Sebagai kaum muda, generasi milenial tentunya dihadapkan dengan
berbagai masalah yang rumit. Karakteristik mereka meliputi keberanian, impian, dan tujuan hidup. Meskipun demikian, aspek spiritual seringkali terabaikan dibandingkan dengan aspek intelektual, emosional, sosial, finansial, dan seksual. Padahal, aspek spiritual merupakan dasar yang mempengaruhi aspek-aspek lainnya. Tidak ada yang lebih penting dari yang lain, semuanya sama-sama penting untuk menjadi bekal dalam menjalani kehidupan di dalam masyarakat, negara, dan agama.

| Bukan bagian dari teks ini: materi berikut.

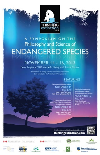 The document announces a three-day symposium from November 14-16, 2013 on endangered species. It will include presentations from scholars and scientists from Canada, the US, Australia and New Zealand. There will also be evening events featuring Margaret Atwood on November 14th, Stuart Pimm on November 15th, and a roundtable with Margaret Atwood and Graeme Gibson on extinction on November 15th.

Generasi milenial menghadapi tantangan yang sangat serius dalam
menghadapi isu radikalisme. Kerentanan kaum milenial terhadap politik identitas yang sangat membingungkan dalam beberapa tahun terakhir juga sangat mengkhawatirkan. Oleh karena itu, kita perlu menguatkan kembali kepemilikan identitas kita yang sebenarnya sebagai muslim Indonesia yang moderat, yang menjalankan agama dengan ramah, toleran, dan menerima keanekaragaman. Dengan pemikiran yang cerdas dan semangat sosial yang tinggi, banyak berita tentang radikalisme, ekstremisme, dan fanatisme di media sosial yang sangat menarik untuk dibaca. Namun, sebagai umat beragama, terutama generasi milenial, kita harus dapat memahami konten berita tersebut. Jika mudah terprovokasi, hal ini akan merusak keseimbangan dalam kehidupan beragama. Hal ini dapat memicu timbulnya rasa benci dan emosi yang tidak sehat. Tidak hanya dengan pemeluk agama lain, bahkan dengan sesama pemeluk agama, terkadang terjadi perselisihan yang berujung pada ujaran kebencian bahkan pertengkaran, karena perbedaan paham atau madzhab. Generasi milenial harus mampu merespon dinamika zaman. Di tengah maraknya intoleransi, eskstrimisme, dan fanatisme yang ada di dunia maya, banyak hal yang dapat dilakukan oleh generasi milenial untuk mewujudkan nilai-nilai moderasi.
Generasi milenial merupakan generasi yang hidup di era digital, segala
sesuatunya serba cepat dan serba digital, serta merupakan generasi yang paling aktif dalam menggunakan media sosial. Berbagai macam jenis media sosial dapat dimanfaatkan untuk menyebarkan nilai-nilai moderat. Dengan menyebarkan pesan-pesan baik, secara tidak langsung akan mempengaruhi orang lain dari bawah sadarnya. Penyebaran nilai-nilai moderat yang berkaitan dengan internet dan media sosial juga dapat dilakukan melalui permainan daring. Selain itu, cara lainnya adalah dengan menciptakan tokoh-tokoh moderat dalam permainan. Strategi untuk memperkuat nilai-nilai moderat dalam agama adalah dengan menghidupkan kembali hati yang sudah mati dan membeku melalui pendekatan kebudayaan, sehingga hati menjadi lebih lembut dan sensitif sehingga muncul kesadaran untuk menjaga nilai kemanusiaan dan melindungi martabat manusia dalam beragama.